Ste Bathilde statue dans les jardins du Palais du Luxembourg (Paris)

Sainte Bathilde : statue érigée dans les jardins du Palais du Luxembourg à Paris (détail).

   A la mort de son époux (survenue le 31 octobre 657, alors qu’il n’avait que 22 ans), Bathilde fut nommée régente pour son fils aîné, Clotaire III, Roi de Neustrie, qui n’avait que cinq ans. 
Elle gouverna avec compétence et sagesse pendant huit ans, s’attachant à réformer les abus et à rendre son peuple heureux, ayant pour principaux conseillers Saint Éloi, évêque de Noyon, et Saint Ouen, évêque de Rouen.

   N’oubliant jamais qu’elle avait été esclave, Bathilde usa en particulier de son pouvoir pour soulager ceux qui étaient en captivité. A cette époque, il n’était pas rare que les plus pauvres vendissent leurs propres enfants comme esclaves quand ils n’avaient plus de ressources. Bathilde réduisit les impôts, interdit l’achat d’esclaves chrétiens et la vente de sujets francs, et déclara que tout esclave qui mettait le pied dans le Royaume serait libre, dès cet instant. 

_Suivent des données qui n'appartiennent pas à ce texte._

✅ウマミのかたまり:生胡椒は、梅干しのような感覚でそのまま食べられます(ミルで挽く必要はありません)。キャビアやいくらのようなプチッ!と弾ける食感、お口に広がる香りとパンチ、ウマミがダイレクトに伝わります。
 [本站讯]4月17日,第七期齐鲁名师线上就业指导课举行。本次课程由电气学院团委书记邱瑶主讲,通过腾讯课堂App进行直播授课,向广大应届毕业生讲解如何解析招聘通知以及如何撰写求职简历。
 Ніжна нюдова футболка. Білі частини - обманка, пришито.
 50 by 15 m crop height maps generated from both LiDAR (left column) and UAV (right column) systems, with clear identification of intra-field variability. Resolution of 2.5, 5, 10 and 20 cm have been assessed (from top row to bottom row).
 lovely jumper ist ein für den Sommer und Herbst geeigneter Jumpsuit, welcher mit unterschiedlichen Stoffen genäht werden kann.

   Bathilde soutint le travail de l’Eglise de tout son pouvoir, tant en ce qui concerne l’évangélisation de ses peuples que dans les oeuvres d’instruction et de charité. Elle lutta contre la simonie et favorisa la vie religieuse : elle fonda deux abbayes royales – celles de Corbie et de Chelles – et soutenait de ses largesses les abbayes royales de Saint-Denys et de Saint-Martin de Tours, les abbayes de Jumièges, de Saint-Wandrille, de Jouarre, de Luxeuil… etc. et nombre d’autres établissements ecclésiastiques et sanctuaires.
Elle fonda et dota des hospices, n’hésitant pas à vendre ses propres bijoux pour venir en aide aux nécessiteux.
Sous son gouvernement enfin, des forêts furent défrichées afin de permettre l’extension des terres agricoles. 

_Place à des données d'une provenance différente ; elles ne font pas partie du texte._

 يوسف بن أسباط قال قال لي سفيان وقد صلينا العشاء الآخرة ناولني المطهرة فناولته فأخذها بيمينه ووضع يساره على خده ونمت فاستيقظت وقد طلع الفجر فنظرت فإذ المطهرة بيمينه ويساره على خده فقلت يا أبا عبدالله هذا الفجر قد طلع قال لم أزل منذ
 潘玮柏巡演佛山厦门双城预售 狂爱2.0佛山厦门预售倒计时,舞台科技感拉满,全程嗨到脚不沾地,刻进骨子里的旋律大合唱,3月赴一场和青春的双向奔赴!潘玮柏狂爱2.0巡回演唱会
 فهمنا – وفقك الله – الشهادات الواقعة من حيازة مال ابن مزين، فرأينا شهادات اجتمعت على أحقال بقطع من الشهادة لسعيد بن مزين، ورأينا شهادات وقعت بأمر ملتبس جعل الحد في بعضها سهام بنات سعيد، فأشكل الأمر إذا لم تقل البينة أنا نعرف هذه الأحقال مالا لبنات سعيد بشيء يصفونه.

Ste Bathilde près du lit mortuaire de St Eloi

Sainte Bathilde près du lit de mort de Saint Eloi (tableau du XVIIe siècle)

   Quand son fils, Clotaire III, fut en âge de gouverner, Bathilde se retira à l’abbaye royale de Chelles, qu’elle avait fondée dans la vallée de la Marne.
On raconte qu’elle eut par trois fois la vision de Saint Eloi, rappelé à Dieu peu de temps auparavant, qui lui enjoignait de quitter le siècle et de prendre le voile.
C’est de tout coeur qu’elle avait renoncé au monde et aux honneurs, aussi ne voulut-elle avoir aucun statut particulier dans la communauté, vivant l’humilité et la parfaite obéissance comme la dernière des moniales : « Il me semble que le plus grand bonheur qui me puisse arriver, c’est d’être foulée aux pieds de tout le monde », aurait-elle déclaré.

   Elle mourut à Chelles le 30 janvier 680.
A l’heure de rendre le dernier soupir, elle déclara qu’elle voyait une échelle partant de l’autel de la Sainte Vierge et dressée jusqu’au ciel, et que, sur celle-ci, elle se voyait elle-même montant en compagnie des anges.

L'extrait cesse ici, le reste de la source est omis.